Dimension reduction is a crucial technique in data science that serves as a fundamental tool for both visualization and pre-processing in machine learning. These methods transform high-dimensional data X = {x0, x1, …, xN} into lower-dimensional data Y = {y0, y1, …, yN}, where N represents the number of data points.

Embeddings, which are often computed in machine learning, are a form of dimension reduction. When dealing with unstructured data, such as images of size WHC (Width, Height, Channels), tokenized language, or audio signals, the input space can be massive. For example, if the input space consists of 1024×1024 images, the input dimensionality exceeds one million. By applying models like ReNet or EfficientNet, embeddings with 1000 dimensions can be extracted, reducing the output space dimensionality by three orders of magnitude. These embeddings are dense, smaller feature vectors that can be referred to as the feature space or embedding space.

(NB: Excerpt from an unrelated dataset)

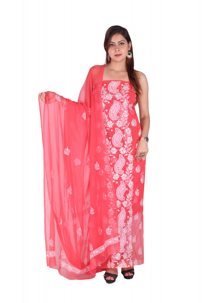 Lucknow Chikan unstitched georgette suit length is well crafted pastel colour unstitched georgette suit. This set consists of a kurta length 3mts with all over jaal chikankari work with cotton thread, salwar offering light chikan work on it's hem and a pure georgette dupatta 2.5mts with some little embroidery with cotton thread. This suit piece is a good wear to offices and other formal as well as casual events. This suit will add more charm and elegance to your personality.
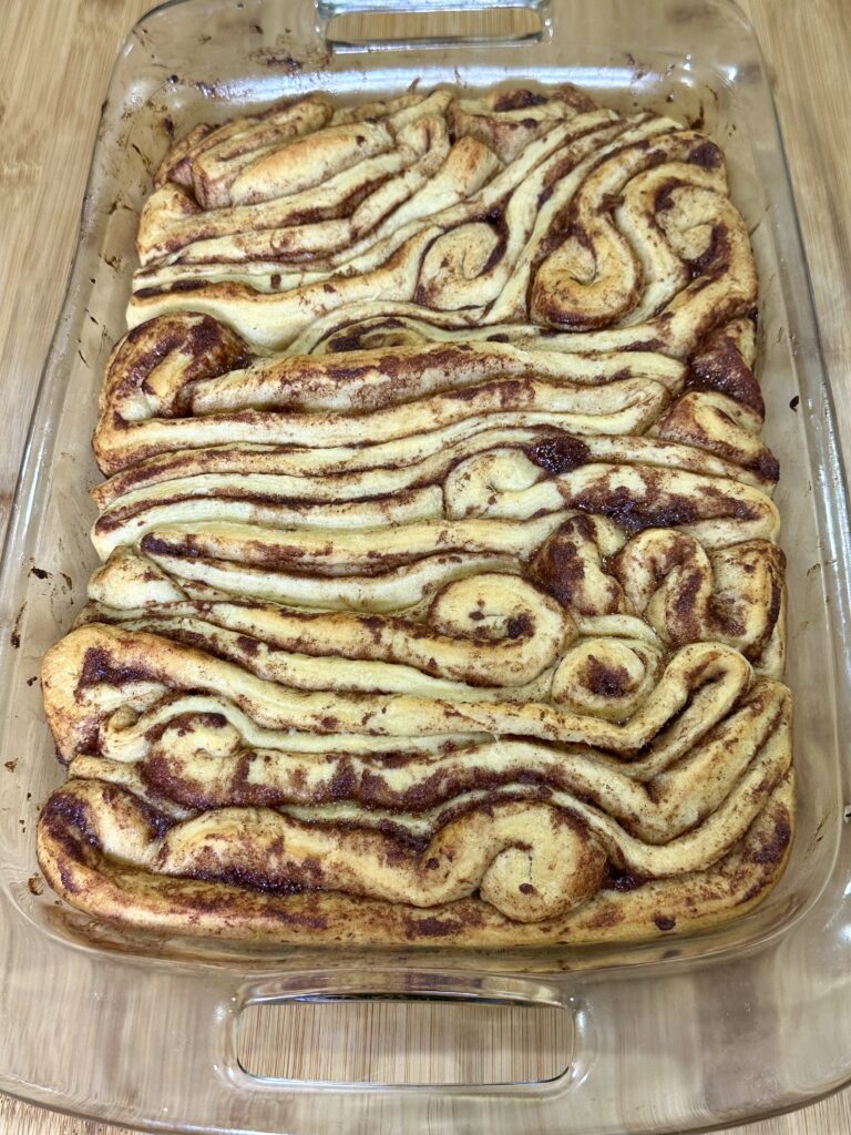 Unroll your cinnamon rolls and twist or squiggle them into the casserole dish so they look like “intestines.” Don’t stress about perfection—the messier the better!

Once feature vectors have been generated, further dimensionality reduction is necessary to obtain human-interpretable information. As it is challenging to visualize objects in more than three dimensions, additional tools must be utilized to reduce the dimensionality of the embedding space to two or three dimensions while maintaining relevant structural information.

Dimensionality reduction techniques can be divided into three categories: feature selection, matrix factorization, and neighbor graphs. The latter category, which includes SNE (Stochastic Neighbor Embedding), t-SNE (t-distributed Stochastic Neighbor Embedding), and UMAP (Uniform Manifold Approximation and Projection), will be the focus of this discussion.

SNE, t-SNE, and UMAP are neighbor graphs algorithms that follow a similar process. They begin by computing high-dimensional probabilities p, then low-dimensional probabilities q, followed by the calculation of the cost function C(p,q) by comparing the differences between probabilities. Finally, the cost function is minimized.